O verdadeiro perigo já está em órbita
Mas enquanto a gente olha para cima fascinado com as pedras que a natureza joga na nossa direção, ignoramos que o perigo real e imediato na órbita terrestre é uma armadilha que nós mesmos montamos. Um estudo bem chocante divulgado em maio pela Accu escancarou o nível da bagunça: quase metade de todos os objetos artificiais orbitando o nosso planeta é, essencialmente, lixo espacial fora de controle. E para piorar, apenas três países são os grandes responsáveis por alimentar esse caos, colocando em xeque o futuro das viagens espaciais.

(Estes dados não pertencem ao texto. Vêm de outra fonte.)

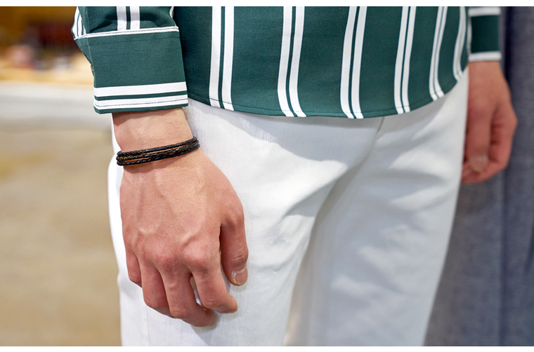 부드럽게 가공된 3가지 컬러의 트위스트 가죽을 믹스해 제작한 팔찌입니다. 고급 스테인레스장식과 이태리 수입가죽을 이용해서 품질을 최대한 올렸습니다. 은은한 톤온톤 컬러의 가죽과 반광 메탈장식이 잘 어우러져 클래식한 느낌을 잘 살려낸가죽팔찌입니다. 스테인레스 장식은 변색이나 알러지 걱정이 거의 없이 오래도록 사용이 가능해 본인 뿐 아니라 선물용으로 사용하시기에 좋습니다. 4계절 착용하기 좋은 디자인으로 캐주얼한 코디는 물론 댄디한 코디에도 잘 어울리는 디자인입니다. 기획가로 제작되어 가성비 좋은 아이템입니다. 남녀공용으로 착용하기 좋고, 사이즈도 남성용, 여성용, 주문제작까지 가능하기 때문에 커플용 팔찌로 추천드립니다.

A matemática é sombria. Dos 33.269 objetos monitorados pelo Space-Track.org da Força Espacial dos EUA, pelo menos 15.587 são destroços descartados. É espantoso pensar que 47% de tudo que orbita a Terra hoje é entulho perigoso. O inventário dessa sucata inclui ao menos 2.396 carcaças de foguetes — algumas com dezenas de metros de comprimento —, cerca de 12.550 componentes de lançamento exaustos de formatos variados, e 641 objetos que a ciência sequer conseguiu classificar ainda. Somado a isso, temos uma legião de satélites aposentados que só fazem volume.
Uma roleta russa a 32.000 km/h
Estamos falando de toneladas de metal pesado cruzando a órbita a cerca de 20.000 milhas por hora (quase 32.000 km/h). Qualquer engenheiro aeroespacial perde o sono com isso. Em velocidades tão extremas, o design das espaçonaves precisa de uma tolerância absurda a impactos e escudos bem mais robustos. Em 2016, por exemplo, uma simples lasca de tinta de uma fração de milímetro abriu uma fenda no vidro da Estação Espacial Internacional (ISS). A Agência Espacial Europeia alerta que um pedacinho de lixo de 1 centímetro já é suficiente para inutilizar uma nave ou perfurar a blindagem da ISS, enquanto um detrito de 10 centímetros estraçalha um satélite em pedacinhos.
O clima anda tão tenso que os astronautas volta e meia precisam procurar abrigo. A tripulação da ISS passou por um sufoco em 2021, tendo que correr para uma área de segurança quando a estação passou perigosamente perto de uma nuvem de destroços russos. Uma situação parecida aconteceu em novembro, quando uma espaçonave chinesa aparentemente levou uma pancada, deixando três astronautas temporariamente presos no espaço enquanto os danos eram avaliados.
O maior temor dos especialistas atende pelo nome de Síndrome de Kessler. É um cenário de reação em cadeia onde uma colisão gera estilhaços que, por sua vez, causam novas colisões, triturando tudo o que estiver pelo caminho até que a órbita se torne uma zona morta, intransitável para satélites e futuras missões. Desde que os soviéticos lançaram o Sputnik I em 1957, a quantidade de objetos no espaço vem subindo. Mas a curva deu uma guinada vertiginosa a partir de 2015, turbinada pelo boom das empresas espaciais privadas.
O espaço, que antes parecia infinito, está ficando engarrafado. Os destroços se acumulam bem mais rápido do que a nossa capacidade (hoje nula) de limpá-los. A gente sobrevive aos asteroides, mas talvez o grande desafio da humanidade nas estrelas seja sobreviver ao próprio lixo.